> **About this task**: Within the records below, find the line with "罗技 G304 LIGHTSPEED无线鼠标" and the line with "Bookcase|Kathy Kuo Home", then reproduce exactly those two lines and all lines between them, without any picture.
___ Data provided
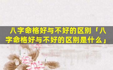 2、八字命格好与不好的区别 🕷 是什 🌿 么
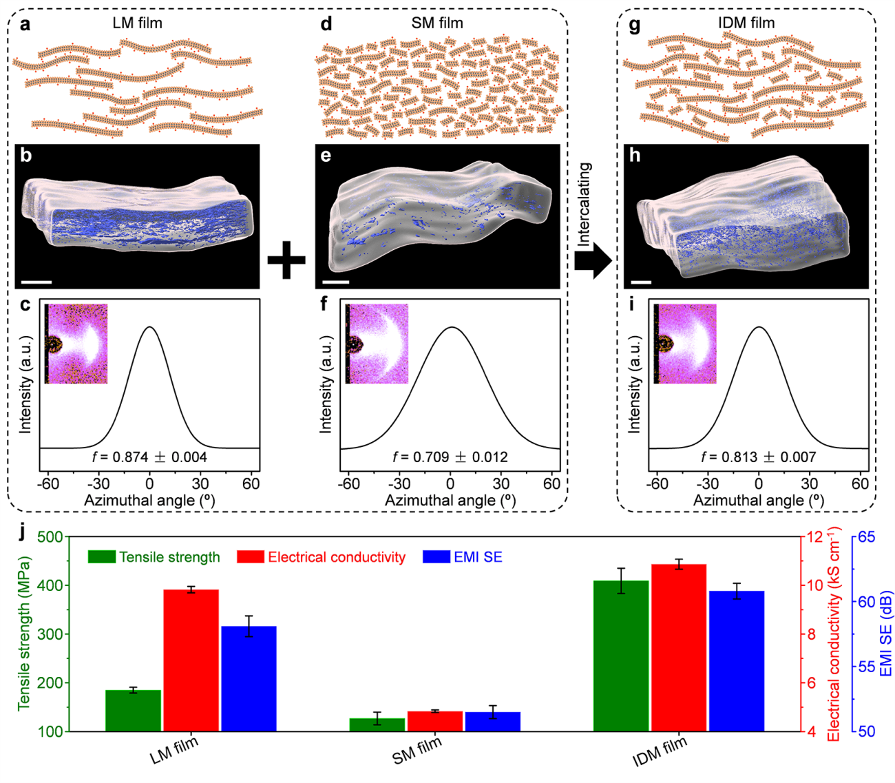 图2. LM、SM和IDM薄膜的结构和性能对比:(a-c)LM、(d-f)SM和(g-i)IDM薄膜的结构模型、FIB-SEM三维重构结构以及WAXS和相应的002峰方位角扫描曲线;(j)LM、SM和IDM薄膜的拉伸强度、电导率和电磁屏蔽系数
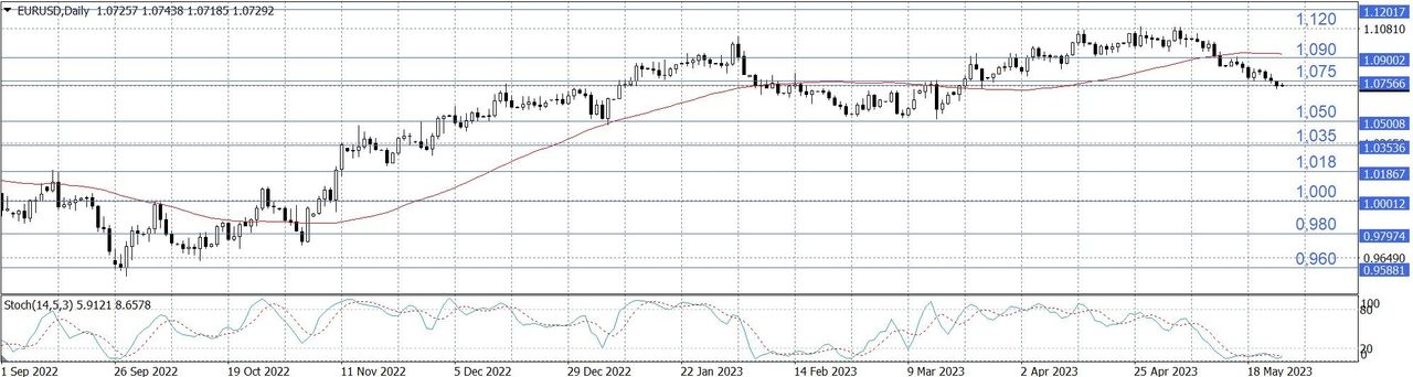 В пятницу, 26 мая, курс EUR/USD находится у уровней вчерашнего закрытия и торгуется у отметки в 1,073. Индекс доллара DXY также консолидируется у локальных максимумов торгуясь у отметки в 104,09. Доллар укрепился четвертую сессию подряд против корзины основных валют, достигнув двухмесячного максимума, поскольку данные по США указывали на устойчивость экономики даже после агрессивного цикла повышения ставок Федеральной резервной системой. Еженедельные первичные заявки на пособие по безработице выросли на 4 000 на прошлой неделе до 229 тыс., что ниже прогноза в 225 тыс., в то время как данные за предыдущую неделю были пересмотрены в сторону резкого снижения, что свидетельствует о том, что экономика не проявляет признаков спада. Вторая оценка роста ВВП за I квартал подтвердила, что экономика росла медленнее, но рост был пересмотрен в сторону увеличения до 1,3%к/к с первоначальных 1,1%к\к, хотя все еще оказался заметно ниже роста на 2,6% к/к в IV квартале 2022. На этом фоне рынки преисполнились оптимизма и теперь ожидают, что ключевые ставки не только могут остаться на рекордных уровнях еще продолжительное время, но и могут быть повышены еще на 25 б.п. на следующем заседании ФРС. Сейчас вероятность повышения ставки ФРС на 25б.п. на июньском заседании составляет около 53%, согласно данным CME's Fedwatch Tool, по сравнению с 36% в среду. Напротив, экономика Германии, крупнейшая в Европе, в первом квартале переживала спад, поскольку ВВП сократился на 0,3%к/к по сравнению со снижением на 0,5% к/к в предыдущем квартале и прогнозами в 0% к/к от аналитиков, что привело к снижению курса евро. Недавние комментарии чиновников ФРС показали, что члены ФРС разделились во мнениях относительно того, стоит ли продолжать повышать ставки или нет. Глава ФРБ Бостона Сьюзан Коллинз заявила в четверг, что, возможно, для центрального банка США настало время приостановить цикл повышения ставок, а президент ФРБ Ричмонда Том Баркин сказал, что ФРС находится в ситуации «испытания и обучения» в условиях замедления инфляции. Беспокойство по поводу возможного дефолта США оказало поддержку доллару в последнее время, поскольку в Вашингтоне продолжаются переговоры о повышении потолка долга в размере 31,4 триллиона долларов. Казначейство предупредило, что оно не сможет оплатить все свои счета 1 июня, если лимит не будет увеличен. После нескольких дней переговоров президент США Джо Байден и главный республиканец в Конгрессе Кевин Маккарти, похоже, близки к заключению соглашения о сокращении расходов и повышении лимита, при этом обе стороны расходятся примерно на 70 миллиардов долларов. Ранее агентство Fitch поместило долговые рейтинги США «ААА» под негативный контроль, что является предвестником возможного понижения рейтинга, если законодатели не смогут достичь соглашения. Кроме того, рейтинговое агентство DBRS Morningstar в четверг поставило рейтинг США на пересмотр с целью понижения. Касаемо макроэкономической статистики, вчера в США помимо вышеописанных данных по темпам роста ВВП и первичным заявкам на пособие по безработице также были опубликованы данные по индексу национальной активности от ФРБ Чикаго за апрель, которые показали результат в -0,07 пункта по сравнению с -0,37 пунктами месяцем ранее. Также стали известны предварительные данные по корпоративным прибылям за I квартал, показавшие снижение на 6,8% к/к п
______
___ Data provided
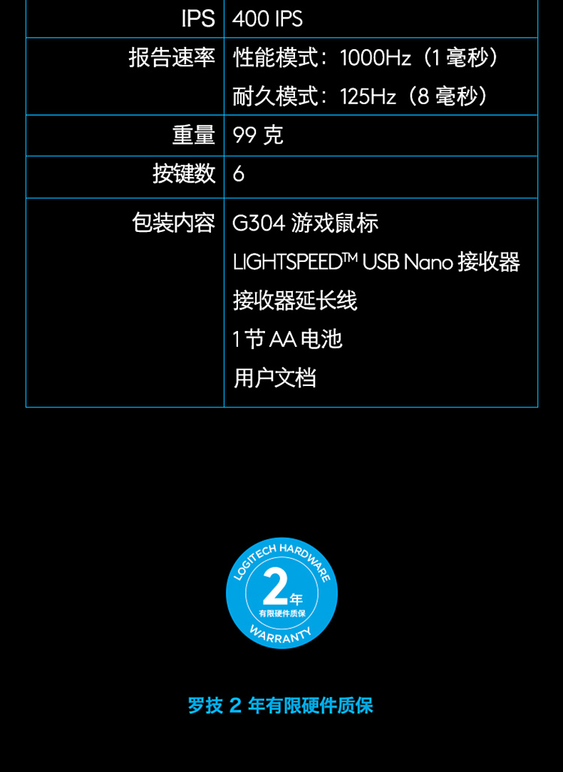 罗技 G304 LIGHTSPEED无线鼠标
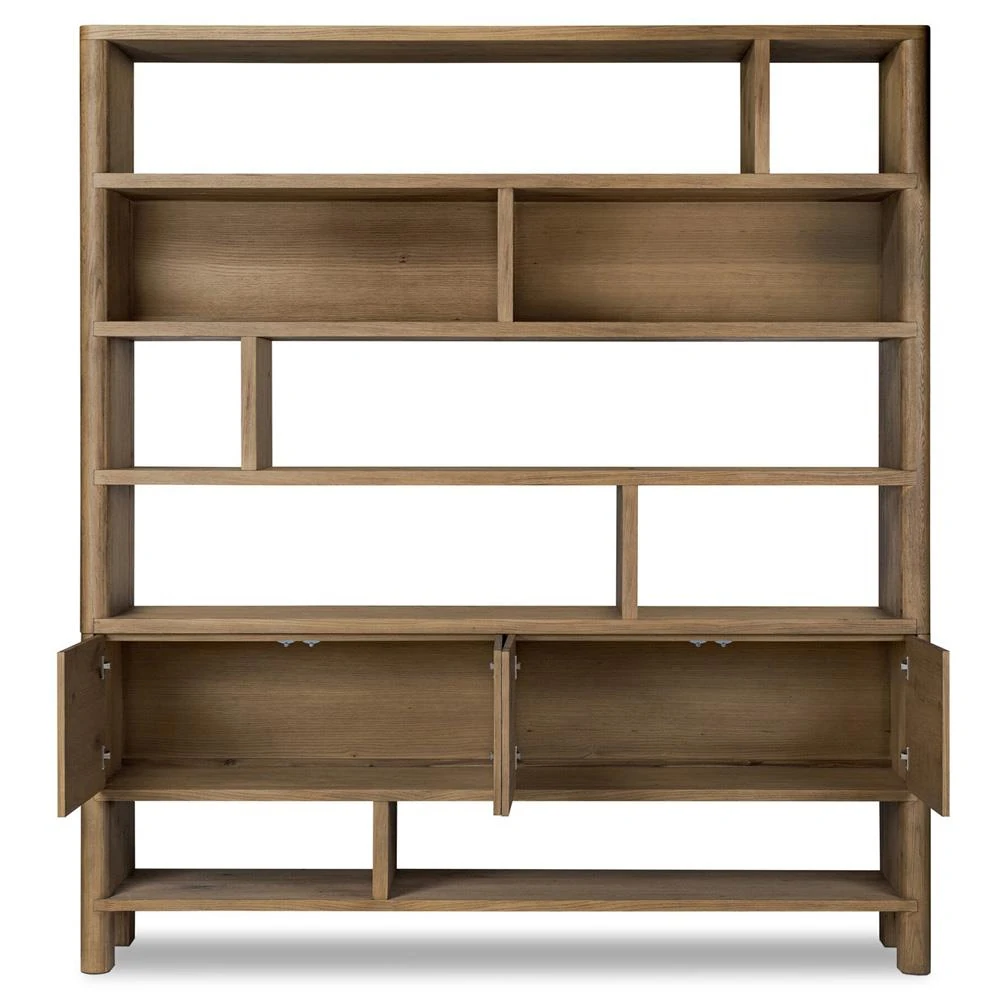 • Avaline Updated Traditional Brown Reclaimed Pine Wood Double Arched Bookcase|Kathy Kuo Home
______
___ Data provided
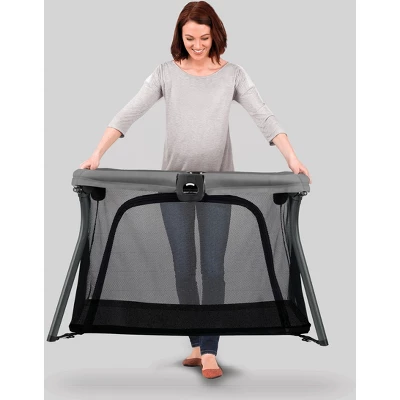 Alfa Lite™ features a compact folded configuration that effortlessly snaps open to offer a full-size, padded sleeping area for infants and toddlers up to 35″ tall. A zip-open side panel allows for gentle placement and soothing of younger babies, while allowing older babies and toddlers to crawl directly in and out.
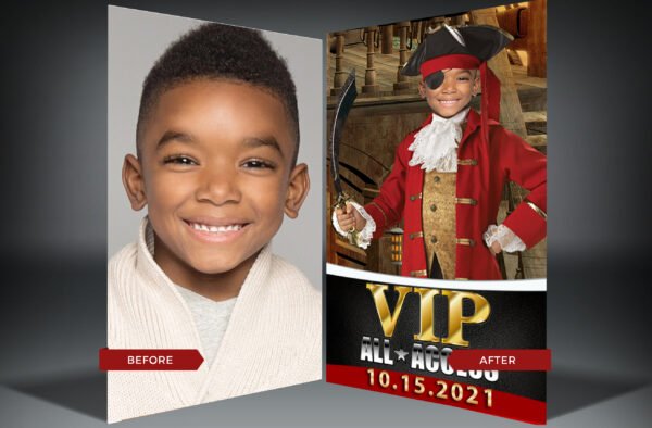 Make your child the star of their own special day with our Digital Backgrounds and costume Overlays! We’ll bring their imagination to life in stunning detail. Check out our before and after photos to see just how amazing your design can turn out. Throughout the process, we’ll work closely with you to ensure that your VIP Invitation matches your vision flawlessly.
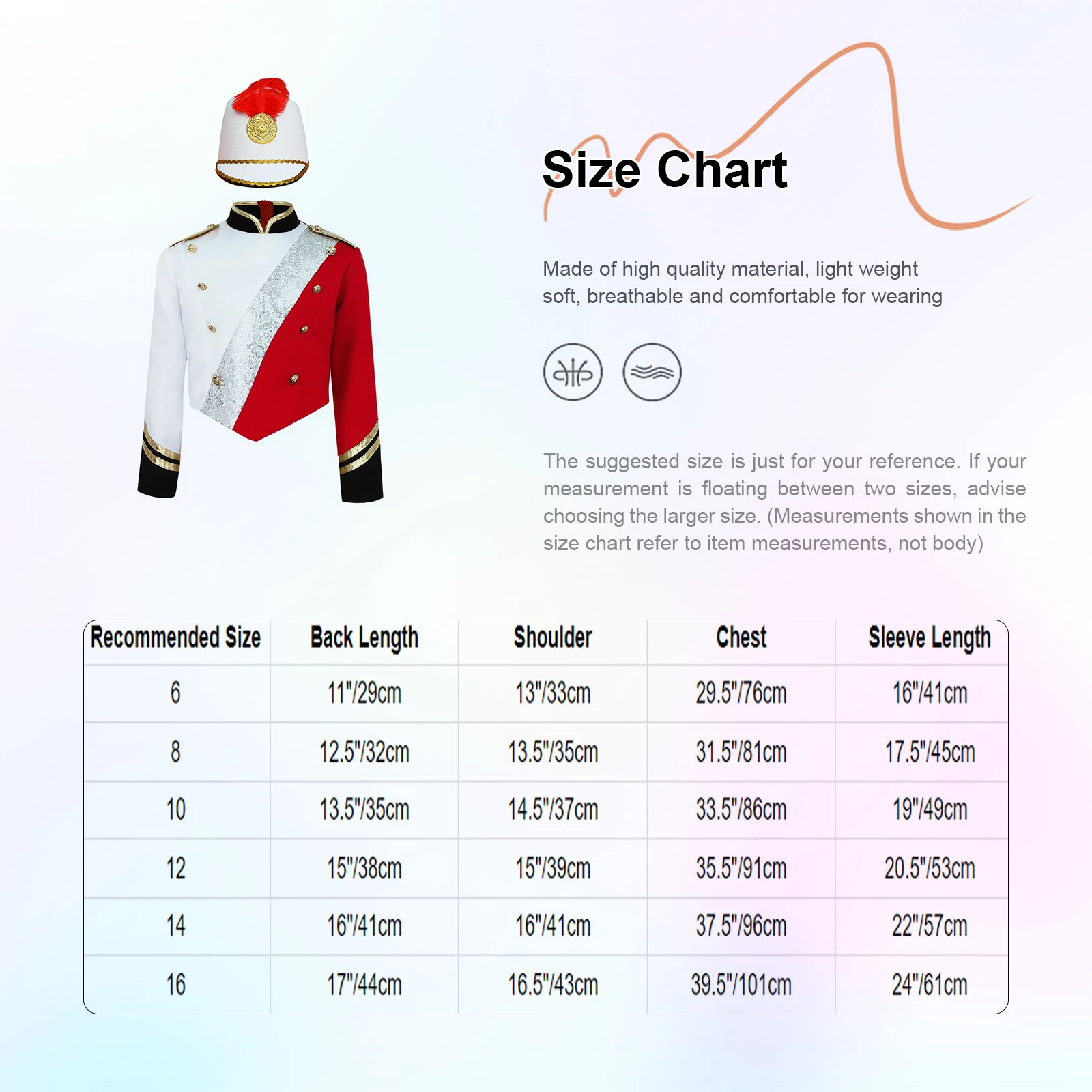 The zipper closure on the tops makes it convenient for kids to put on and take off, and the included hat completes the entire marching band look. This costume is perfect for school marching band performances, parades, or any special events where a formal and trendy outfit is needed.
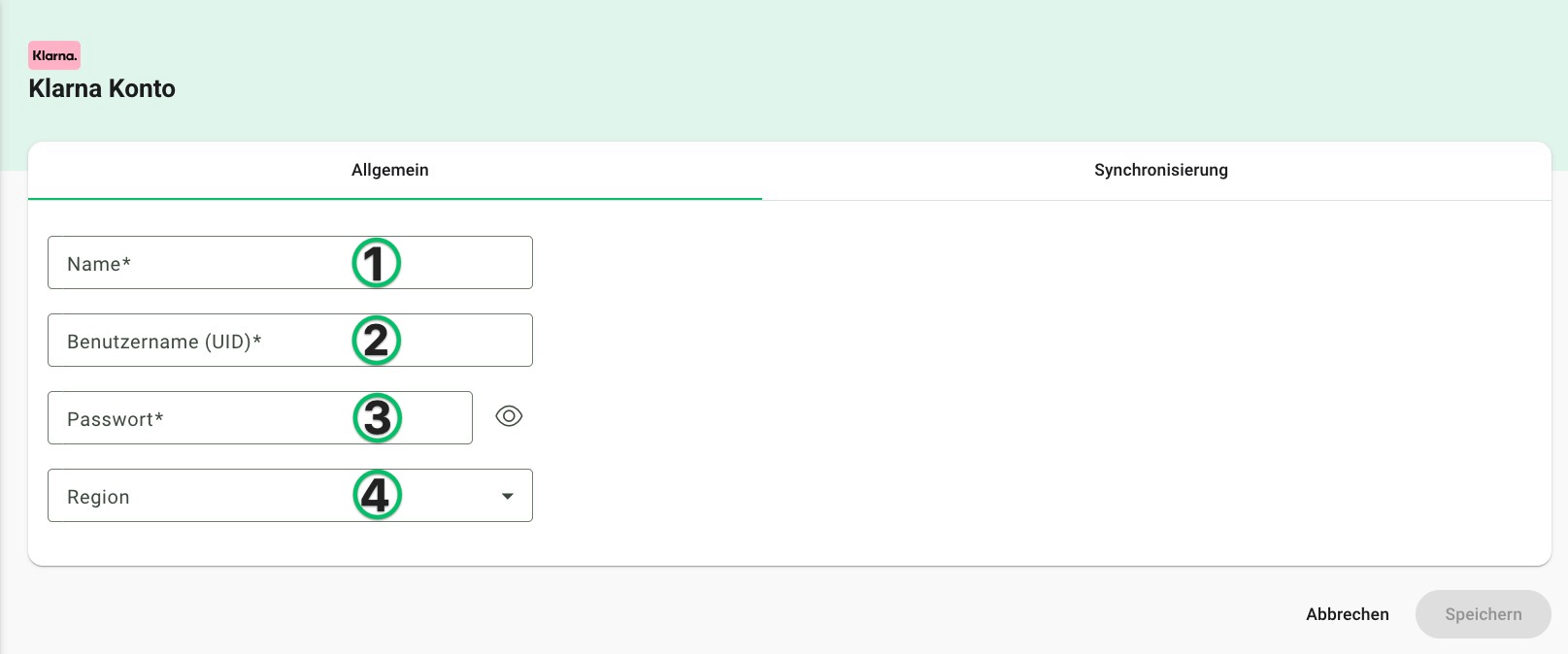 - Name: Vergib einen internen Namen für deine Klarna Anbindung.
______
> **Answer to the problem**:
 罗技 G304 LIGHTSPEED无线鼠标
 • Avaline Updated Traditional Brown Reclaimed Pine Wood Double Arched Bookcase|Kathy Kuo Home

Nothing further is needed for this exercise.